The procedure described in ref. 10 was applied to 6a allowing the isolation of 7a (58%): R _f = 0.50 (25% EtOAc in cyclohexane). [α]_D ²⁰ +3.26 (c 1.50, CHCl₃). ¹H NMR (300 MHz, CDCl₃): δ = 1.10 (t, 3 H, ³ J = 7.2 Hz), 3.42-3.56 (m, 3 H), 3.60 (app t, 1 H, ³ J _app = 3.2 Hz), 3.86 (dd, ³ J = 10.0 Hz, ³ J = 2.8 Hz), 3.92-4.18 (m, 3 H), 4.21-4.59 (m, 9 H), 7.09-7.26 (m, 20 H). ¹³C NMR (75.5 MHz, CDCl₃): δ = 13.9, 62.6, 68.6,72.0, 73.1, 73.3, 73.5, 73.6 (t, ² J = 23.9 Hz), 73.8, 74.8, 75.0, 114.2, 127.8, 127.88, 127.9, 128.0, 128.1, 128.2, 128.4, 128.5, 128.6, 137.6, 138.0, 138.1, 138.2, 163.0 (t, ² J = 31.0 Hz). ¹⁹F NMR (282.5 MHz, CDCl₃): δ = -119.2 (d, ² J = 261.7 Hz), -118.2 (d, ² J = 261.7 Hz). MS (ESI⁺): m/z = 669 [MNa⁺]. IR: 3040, 2914, 1765 cm^-1. Anal. Calcd for C₃₈H₄₀F₂0₇: C, 70.58; H, 6.19. Found: C, 70.55; H, 6.18.

13

The procedure described in ref. 9 was applied to 3b allowing the isolation of 5b and 6b as an unseparable mixture (32%). This mixture was subjected to the dehydroxylation procedure described in ref. 10 to afford β-1b (23%) and 7b (35%).

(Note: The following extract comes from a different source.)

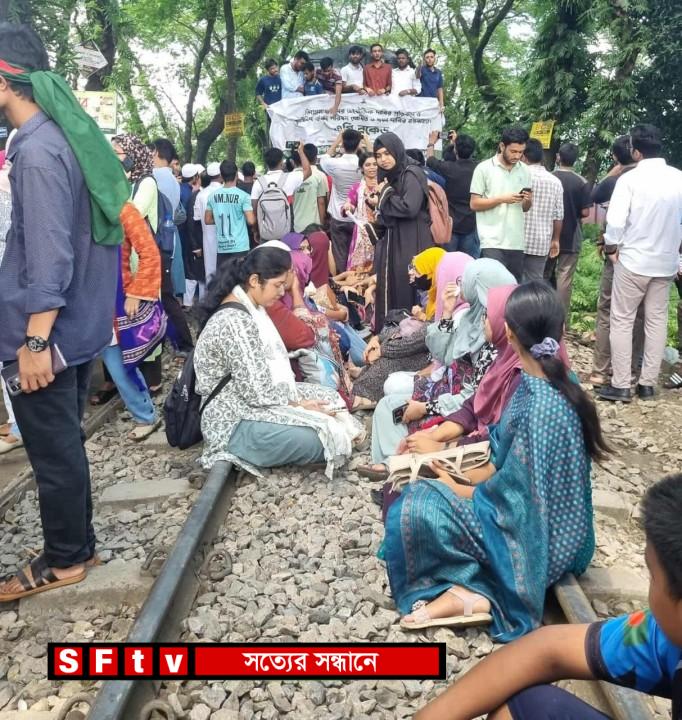কৃষিবিদ ঐক্য পরিষদ ঘোষিত তিন দফা দাবি বাস্তবায়নের দাবিতে রেলপথ অবরোধ করে বিক্ষোভ করছেন বাংলাদেশ কৃষি বিশ্ববিদ্যালয়ের শিক্ষার্থীরা। রবিবার (৩১ আগস্ট ২০২৫) সকাল সাড়ে ১১টার দিকে ময়মনসিংহ শহরের জব্বারের মোড়ে ঢাকাগামী হাওর এক্সপ্রেস ট্রেন আটকে দেয় শিক্ষার্থীরা। ফলে বন্ধ হয়ে যায় ঢাকা-ময়মনসিংহ রেলপথে ট্রেন চলাচল।

Compound β-1b: R _f = 0.43 (25% EtOAc in cyclohexane). [α]_D ²⁰ +29.09 (c 1.10, CHCl₃). ¹H NMR (300 MHz, CDCl₃): δ = 1.06 (t, 3 H, ³ J = 7.2 Hz), 3.48-3.55 (m, 3 H), 3.59 (dd, 1 H, ³ J = 9.2 Hz, ³ J = 2.8 Hz), 3.80-4.02 (m, 4 H), 4.09 (t_app, 1 H, ³ J = 9.8 Hz), 4.28-4.40 (m, 2 H), 4.50-4.69 (m, 4 H), 4.83-4.89 (m, 2 H), 7.15-7.28 (m, 20 H). ¹³C NMR (75.5 MHz, CDCl₃): δ = 13.7, 62.7, 68.5, 72.3, 73.1, 73.5, 73.6, 74.5, 74.8, 77.5 (t, ² J = 23.2 Hz), 77.7, 84.3, 113.5 (t, ¹ J = 255.9 Hz), 127.6, 127.75, 127.8, 127.85, 127.9, 128.15, 128.2, 128.35, 128.4, 128.5, 137.8, 137.9, 138.0, 138.5, 162.7 (t, ² J = 31.1 Hz). ¹⁹F NMR (282.5 MHz, CDCl₃): δ = -118.3 (dd, ² J = 259.0 Hz, ³ J = 9.7 Hz), -116.7 (dd, ² J = 259.0 Hz, ³ J = 12.9 Hz). MS (ESI⁺): m/z = 669 [MNa⁺]. IR: 3034, 2920, 1768 cm^-1. Anal. Calcd for C₃₈H₄₀F₂0₇: C, 70.58; H, 6.19. Found: C, 70.69; H, 6.17.
Compound 7b: R _f = 0.50 (25% EtOAc in cyclohexane). [α]_D ²⁰ -2.65 (c 2.00, CHCl₃). ¹H NMR (300 MHz, CDCl₃): δ = 1.18 (t, 3 H, ³ J = 7.2 Hz), 3.69-3.72 (m, 1 H), 3.74-3.77 (m, 1 H), 3.79-3.84 (m, 2 H), 3.94 (dd, 1 H, ³ J = 10.0 Hz, ³ J = 2.6 Hz), 4.02 (app dt, 1 H, ³ J = 10.0 Hz, ³ J = 2.6 Hz), 4.09-4.20 (m, 2 H), 4.27-4.74 (m, 9 H), 7.15-7.39 (m, 20 H, H_ar). ¹³C NMR (75.5 MHz, CDCl₃): δ = 13.7, 62.7, 69.0, 71.7, 71.8, 72.0, 72.7, 72.9, 73.2 (d, ³ J = 2.9 Hz), 73.4, 74.2 (t, ² J = 28.2 Hz), 76.3, 113.3 (dd, ¹ J = 257.0 Hz, ¹ J = 251.8 Hz), 127.75, 127.8, 127.85, 127.9, 128.0, 128.1, 128.3, 128.4, 137.5, 137.85, 137.9, 138.6, 163.0 (dd, ² J = 33.3 Hz, ² J = 30.5 Hz). ¹⁹F NMR (282.5 MHz, CDCl₃): δ = -117.9 (dd, ² J = 267.6 Hz, ³ J = 14.0 Hz), -111.9 (dd, ² J = 267.6 Hz, ³ J = 7.5 Hz). MS (ESI⁺): m/z = 669 [MNa⁺], 685 [MK⁺]. IR: 3032, 2915, 1768 cm^-1. Anal. Calcd for C₃₈H₄₀F₂0₇: C, 70.58; H, 6.19. Found: C, 70.45; H, 6.13.